Problem details:
Here are the records. Write out exactly the lines between the one holding "Postado em: 29" and the one holding "Tecnologias inovadoras da", inclusive.

Data:
_ _ _ _ _ _ _

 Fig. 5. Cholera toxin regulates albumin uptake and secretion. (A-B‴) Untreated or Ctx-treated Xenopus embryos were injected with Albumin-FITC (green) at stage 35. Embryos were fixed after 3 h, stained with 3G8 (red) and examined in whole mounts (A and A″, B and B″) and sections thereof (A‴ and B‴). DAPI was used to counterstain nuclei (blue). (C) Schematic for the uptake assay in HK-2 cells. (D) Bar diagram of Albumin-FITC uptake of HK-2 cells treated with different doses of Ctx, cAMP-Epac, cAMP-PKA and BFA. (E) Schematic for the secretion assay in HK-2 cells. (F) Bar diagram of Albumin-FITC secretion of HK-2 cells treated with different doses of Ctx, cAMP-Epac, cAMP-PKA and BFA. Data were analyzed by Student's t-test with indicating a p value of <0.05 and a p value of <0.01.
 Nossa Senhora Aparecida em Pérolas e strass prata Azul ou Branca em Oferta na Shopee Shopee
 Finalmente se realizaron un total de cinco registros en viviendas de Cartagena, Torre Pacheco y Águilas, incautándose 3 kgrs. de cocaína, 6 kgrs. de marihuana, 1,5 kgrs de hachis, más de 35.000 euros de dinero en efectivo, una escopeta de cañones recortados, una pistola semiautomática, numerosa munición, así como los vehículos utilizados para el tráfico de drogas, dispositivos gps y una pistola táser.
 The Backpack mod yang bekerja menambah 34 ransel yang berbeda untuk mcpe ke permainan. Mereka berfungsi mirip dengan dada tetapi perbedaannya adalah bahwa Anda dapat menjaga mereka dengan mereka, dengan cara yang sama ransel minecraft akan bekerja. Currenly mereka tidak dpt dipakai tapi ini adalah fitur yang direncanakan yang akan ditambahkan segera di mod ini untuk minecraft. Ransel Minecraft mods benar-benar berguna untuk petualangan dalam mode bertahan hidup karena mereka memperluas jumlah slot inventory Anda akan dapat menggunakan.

_ _ _ _ _ _ _

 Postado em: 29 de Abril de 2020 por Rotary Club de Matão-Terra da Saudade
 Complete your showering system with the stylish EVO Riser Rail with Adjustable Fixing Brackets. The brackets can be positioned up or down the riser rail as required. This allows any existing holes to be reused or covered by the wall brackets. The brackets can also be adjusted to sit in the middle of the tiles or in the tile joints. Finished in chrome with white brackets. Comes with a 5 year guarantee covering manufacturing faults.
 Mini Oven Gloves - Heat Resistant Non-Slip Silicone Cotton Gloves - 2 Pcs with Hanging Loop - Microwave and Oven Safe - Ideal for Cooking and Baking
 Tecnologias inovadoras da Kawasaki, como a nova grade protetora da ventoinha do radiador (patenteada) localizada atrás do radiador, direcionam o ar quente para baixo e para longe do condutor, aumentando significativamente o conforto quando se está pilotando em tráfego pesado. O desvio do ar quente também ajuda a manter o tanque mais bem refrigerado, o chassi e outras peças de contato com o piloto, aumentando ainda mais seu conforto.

_ _ _ _ _ _ _

Written response:
 Postado em: 29 de Abril de 2020 por Rotary Club de Matão-Terra da Saudade
 Complete your showering system with the stylish EVO Riser Rail with Adjustable Fixing Brackets. The brackets can be positioned up or down the riser rail as required. This allows any existing holes to be reused or covered by the wall brackets. The brackets can also be adjusted to sit in the middle of the tiles or in the tile joints. Finished in chrome with white brackets. Comes with a 5 year guarantee covering manufacturing faults.
 Mini Oven Gloves - Heat Resistant Non-Slip Silicone Cotton Gloves - 2 Pcs with Hanging Loop - Microwave and Oven Safe - Ideal for Cooking and Baking
 Tecnologias inovadoras da Kawasaki, como a nova grade protetora da ventoinha do radiador (patenteada) localizada atrás do radiador, direcionam o ar quente para baixo e para longe do condutor, aumentando significativamente o conforto quando se está pilotando em tráfego pesado. O desvio do ar quente também ajuda a manter o tanque mais bem refrigerado, o chassi e outras peças de contato com o piloto, aumentando ainda mais seu conforto.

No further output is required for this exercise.